Working with microdata

This class exercise practices using the tidyverse to manipulate datasets. Beginning from raw data, we will create the plots exploring trends of income inequality by education over time from class on Jan 30.

Download the RMarkdown file for this exercise to start working. Thanks to Abby Sachar for leading design of this exercise.

Overview of the steps we will cover

Step 1: Prepare your working directory
Step 2: Read the data into R
Step 3: Get familiar with our dataset
Step 4: filter() to cases of interest
- Side note: Piping %>% for clean code
Step 5: mutate() to create educational categories of interest
Step 6: group_by() and summarize() for subpopulation summaries
Step 7: pivot_longer() to reshape data
Step 8: left_join() to adjust for inflation
Step 9: ggplot() to visualize
Conclusion

Step 1: Prepare your working directory

You’ve already downloaded a .dta file from IPUMS. If you haven’t, follow these instructions to do so. If for some reason you cannot access IPUMS, you can use our simulated data. But they aren’t as good—go get the one from IPUMS!

Pick a folder on your computer to store your data, this .Rmd, and the output. This will be your working directory
When .Rmd knits, it knows to look for the data wherever the .Rmd is saved
To interact with the data from your R console more easily, set the working directory. Type setwd("directory_on_your_computer") in your console and hit enter

Prepare R environment

Let’s first load packages at the top of our code file.
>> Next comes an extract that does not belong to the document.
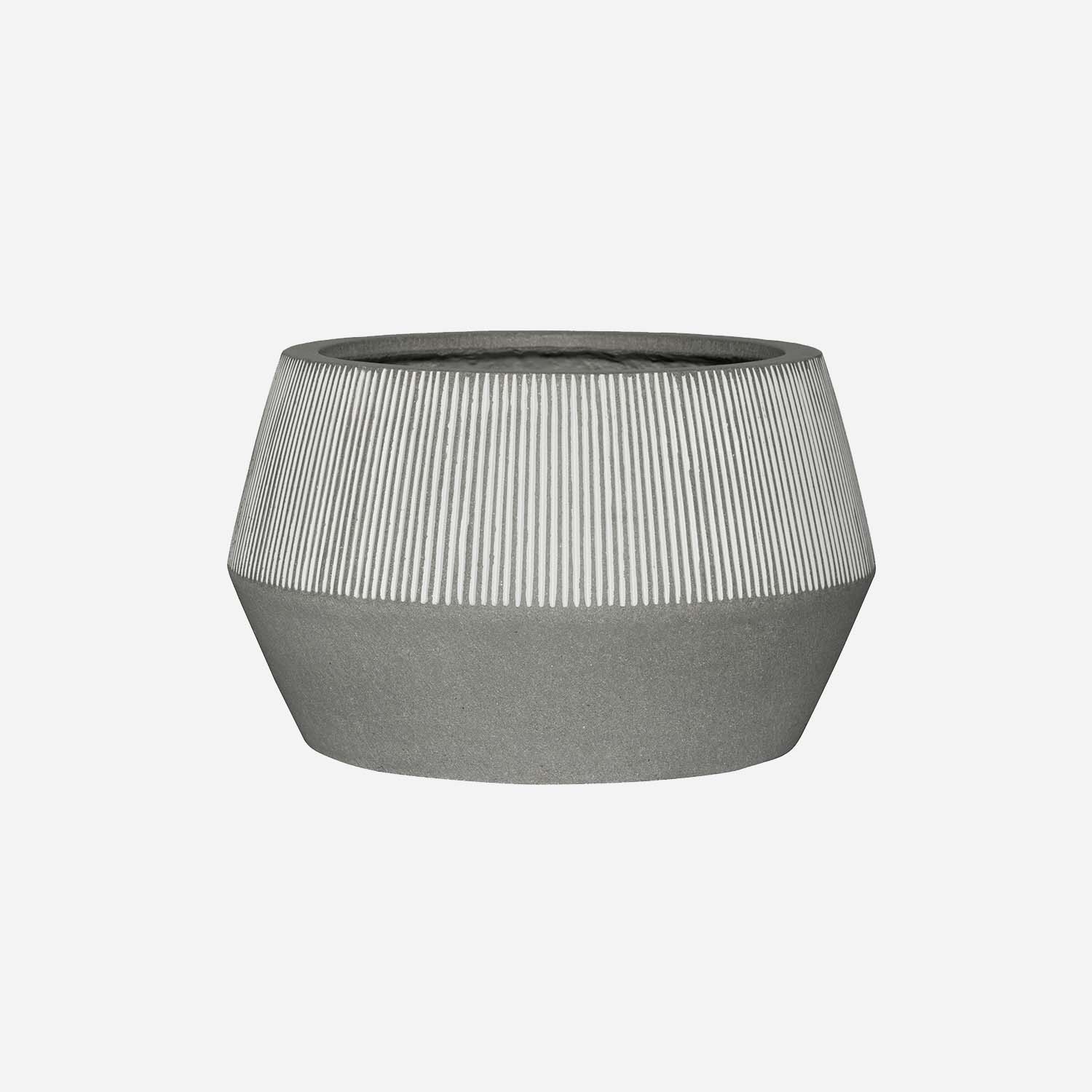 Beoordeel Ficonstone pot Harley laag witgrijs gestreept (36 x 21,5 cm)

# loading relevant packages
library(tidyverse)
library(haven)

Step 2: Read the data into R

The data format .dta is the format used by Stata, but we can read it in R using the haven package (documentation). Use read_dta() and store the data in an object called micro.

micro <- read_dta("cps_00064.dta")

Step 3: Get familiar with our dataset

Why did we download as a .dta? .dta files are different from .csv files because they contain helpful information describing what each column contains and, for factor variables, which code matches to what category. This allows you to work with the dataset more easily without needing to continually return to the documentation.

To see the description of what each column contains, type View(micro) in the console. This will pop up another tab in RStudio which allows you to scroll through the dataset. You should see this description underneath each column header in the micro table tab.

To see which how codes match to categories, type head(micro) in the console. Look at the column educ. While the column contains values of type dbl, there is a label next to the number which reveals how that code translate to different educational categories. For example, the value 110 in row 2 in the educ column indicates that the person represented by row 2 had completed 4 years of college. There should be similar labels for the wkswork2 and age columns.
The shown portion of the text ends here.